# base training problem



## plx (Mar 28, 2011)

hey. i'am starting my base training, the only way i can keep a steady pace is using a 10km low gradient hill, because terrain here is just up an down, is it ok to do repeats like 30 mins going up and 15 mins going down? like 3 ou 4, how much worse is it than doing 1.5 hour steady? it's really the only way i can to base training

thks


----------



## bytewalls (Feb 14, 2010)

Training should not be based on pace, but based on effort. Shift down and go slower if you need to but keep going at a steady effort level.

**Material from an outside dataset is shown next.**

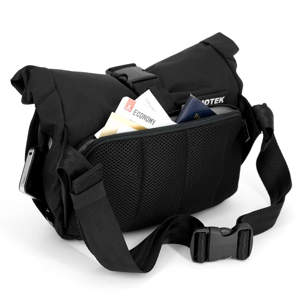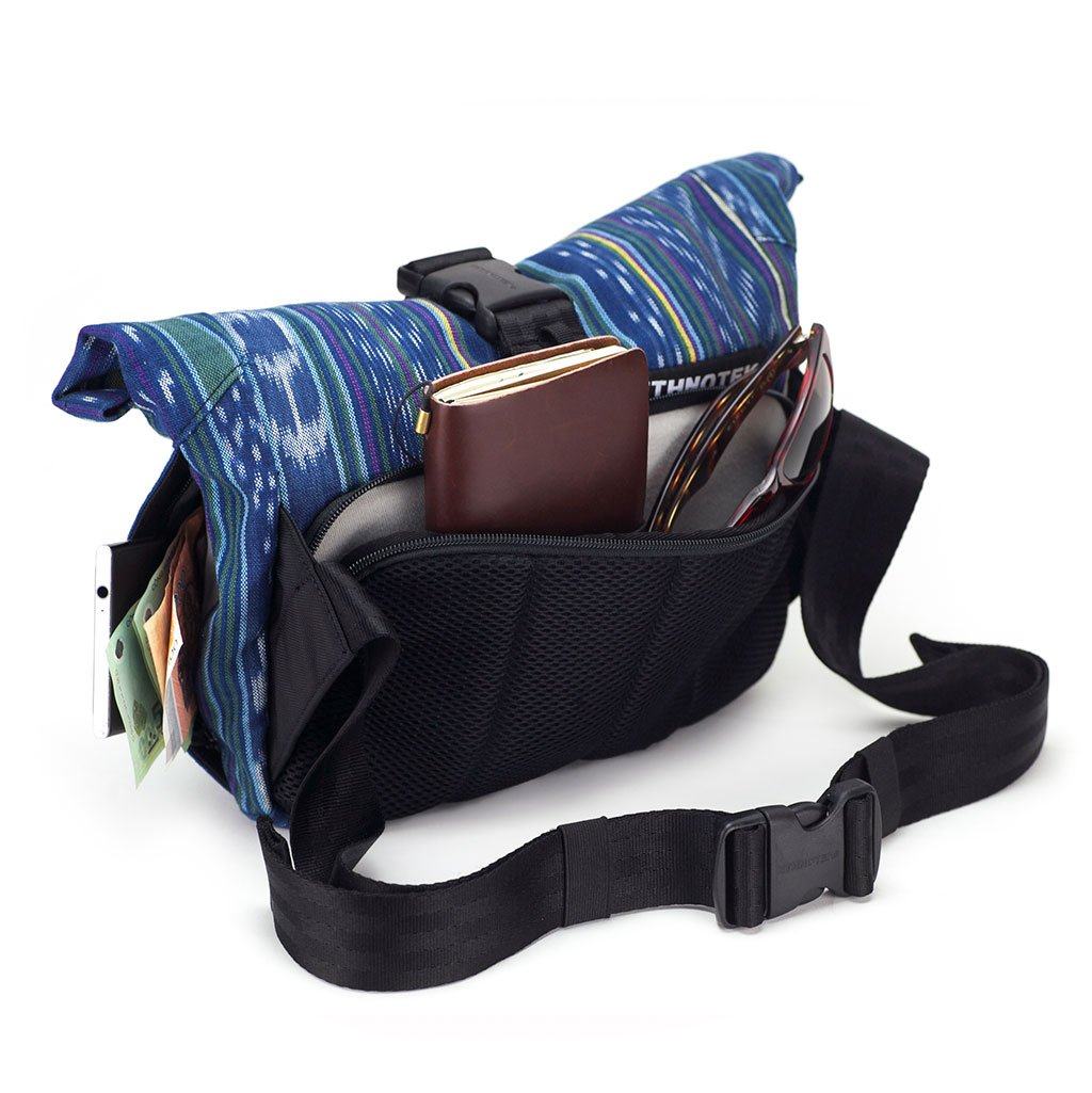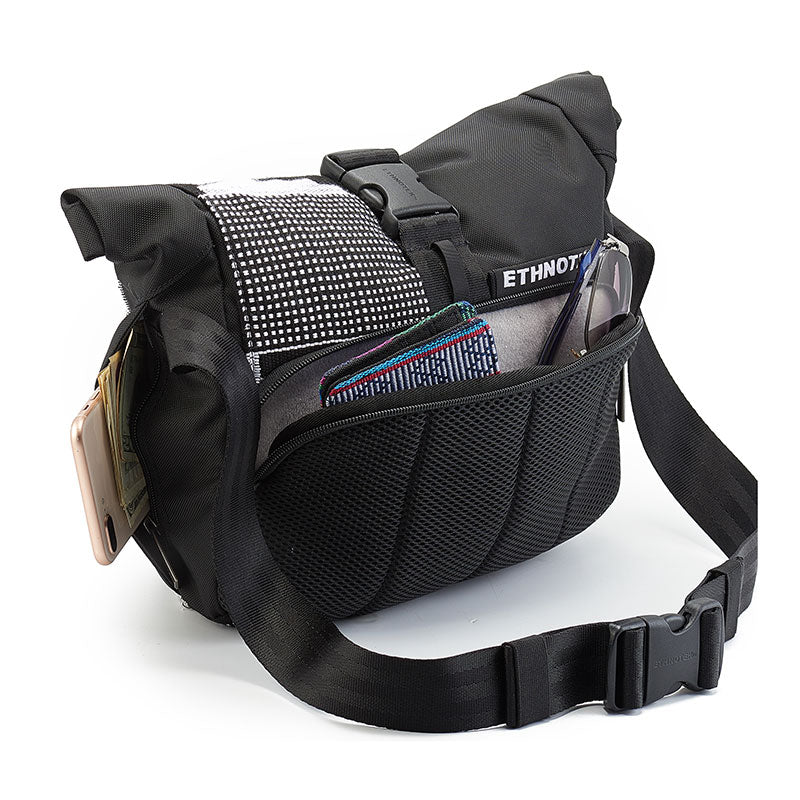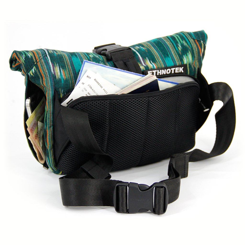 エスノテック シクロトラベルスリングのデザインは、クラシックなクロスショルダーバッグにロールトップクロージャーの革新的な新しいアプローチを提供します。海外を飛び回る方や通勤時の使用まで様々なシーンで活躍し、迅速なアクセスを求めるミニマリストにも適しています。背面のジコンパートメントにはパスポート、飛行機のチケット、タブレットなどが収納でき、ロールトップのメインコンパートメントには長袖シャツ、本、ヘッドフォン等沢山収納できます。

Up and down isn't an issue, also what are you training for. 1.5 hours usually wouldn't be consider base miles for most of the training plans I put together. Obviously if you are just starting on the bike, 1.5 hours is great, but if you are wanting to road race or do an ironman type thing... you need to do more. It is all relative.


----------



## plx (Mar 28, 2011)

right now i'am just training for fitness and i want to improve my time 10 mins and 20 mins power, because next year i'll do some races 100 miles with some hills that take that time to climb at a strong pace

i can keep it at a steady effort, zone 2, the hill is not steep, how many repeats is the minimum i should do? i have to do 20 miles before getting into that climb, i can do 5 mins efforts at tempo in some parts, will that help too?


----------



## bytewalls (Feb 14, 2010)

For base training it is more about doing long efforts no matter the terrain at Zone 2. For me personally that means 4-5 hour rides eventually but you want to build up to that, if your longest ride has been 1.5 hours go out for 2 hours. I would do 1-2 long rides a week, a medium length ride and then 1-2 fast rides per week. 20 minute FT efforts and 10 min 110% FT efforts are both good.


----------